Your objective.
Pictures aside, write out the data exactly as it reads.

Records contained in a dataset.
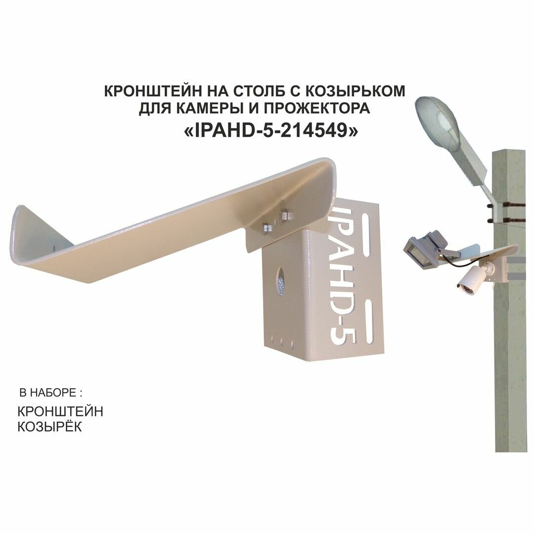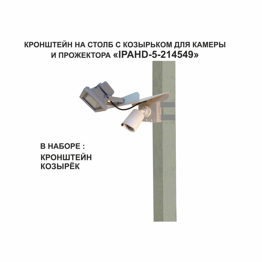 Кронштейн с козырьком для камеры и прожектора на столб MAIMA-214549 прочная сталь, цвет серый, защита от дождя и солнца информация:
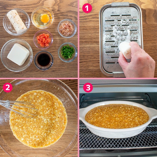 ③ トースターで約12〜15分表面がふんわり膨らみ、軽く焼き色がつくまで焼く。仕上げに取り分けておいた明太子を上にのせ、かつお節と小ねぎを散らしたら、完成!
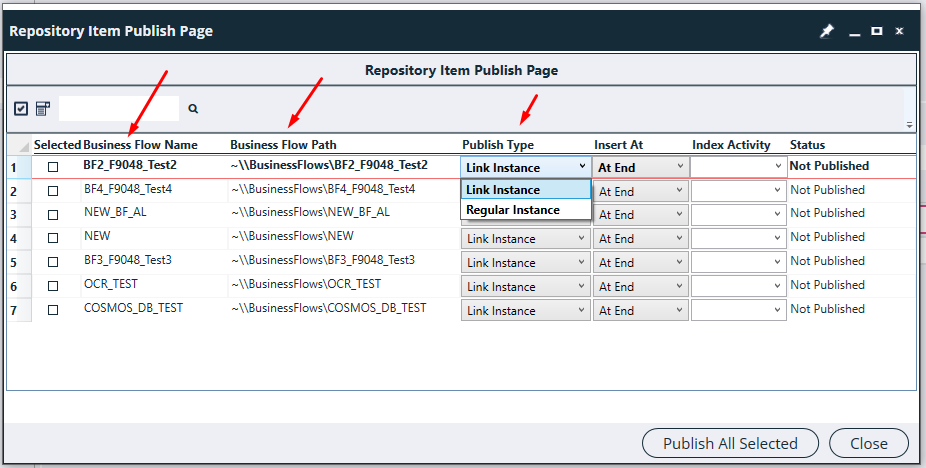 - Select the option of Publish Type as Link Instance / Regular Instance
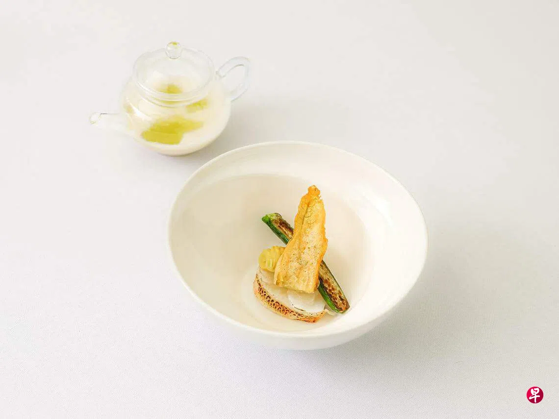 餐馆从2016年起,连续六次摘下米其林一星,进门就可看到适合打卡的荣誉墙。室内翻新后简约大方,可容纳70个座位,有四个独立的八人包厢。午间三道式套餐每人$69++,晚间五道式套餐则是$228++。此外,菜单也增添单点选项,主食从$35++起。
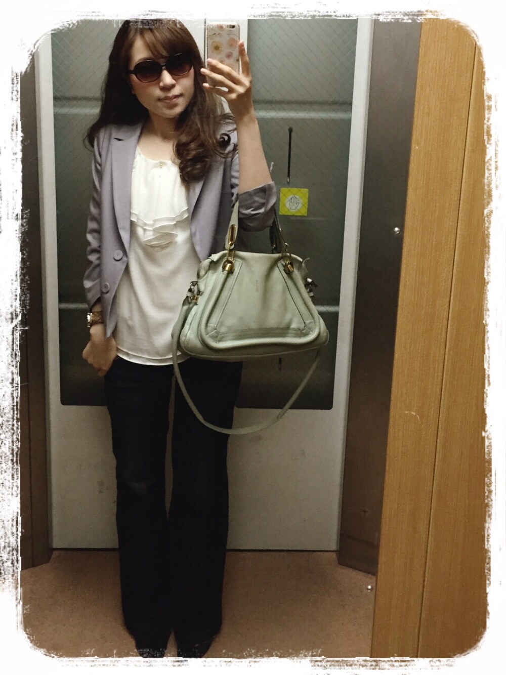 サングラスをかけると急に怪しい人に(笑) ジャケットでできる女風。…あくまでも「風」。
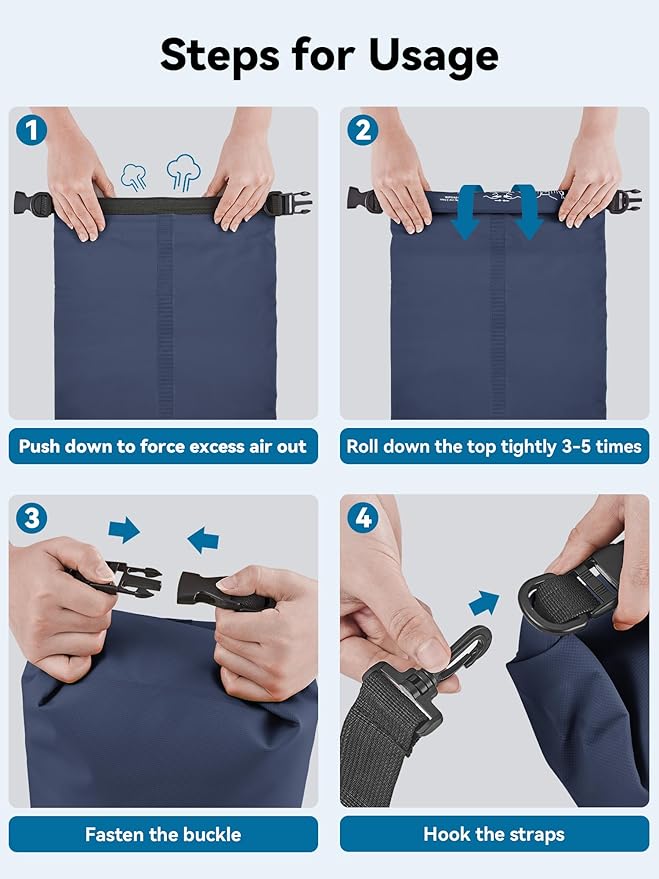 - Multifunctional - Equipped with adjustable shoulder straps for shoulder carrying and backpack, our dry bag is very convenient for different occasions like boating, rafting, kayaking, hiking, camping, fishing, mountaineering, etc. The lightweight dry bag won't weigh down your arms or shoulders
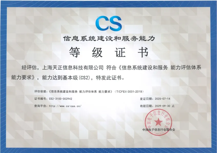 祝賀上海天正信息榮獲CS二級(jí)證書!
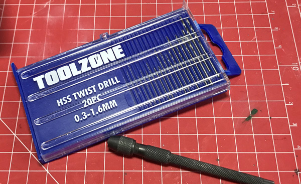 a small hand-held pin vice drill (also very cheap and usually sold as part of a set)

Response to the task.
 Кронштейн с козырьком для камеры и прожектора на столб MAIMA-214549 прочная сталь, цвет серый, защита от дождя и солнца информация:
 ③ トースターで約12〜15分表面がふんわり膨らみ、軽く焼き色がつくまで焼く。仕上げに取り分けておいた明太子を上にのせ、かつお節と小ねぎを散らしたら、完成!
 - Select the option of Publish Type as Link Instance / Regular Instance
 餐馆从2016年起,连续六次摘下米其林一星,进门就可看到适合打卡的荣誉墙。室内翻新后简约大方,可容纳70个座位,有四个独立的八人包厢。午间三道式套餐每人$69++,晚间五道式套餐则是$228++。此外,菜单也增添单点选项,主食从$35++起。
 サングラスをかけると急に怪しい人に(笑) ジャケットでできる女風。…あくまでも「風」。
 - Multifunctional - Equipped with adjustable shoulder straps for shoulder carrying and backpack, our dry bag is very convenient for different occasions like boating, rafting, kayaking, hiking, camping, fishing, mountaineering, etc. The lightweight dry bag won't weigh down your arms or shoulders
 祝賀上海天正信息榮獲CS二級(jí)證書!
 a small hand-held pin vice drill (also very cheap and usually sold as part of a set)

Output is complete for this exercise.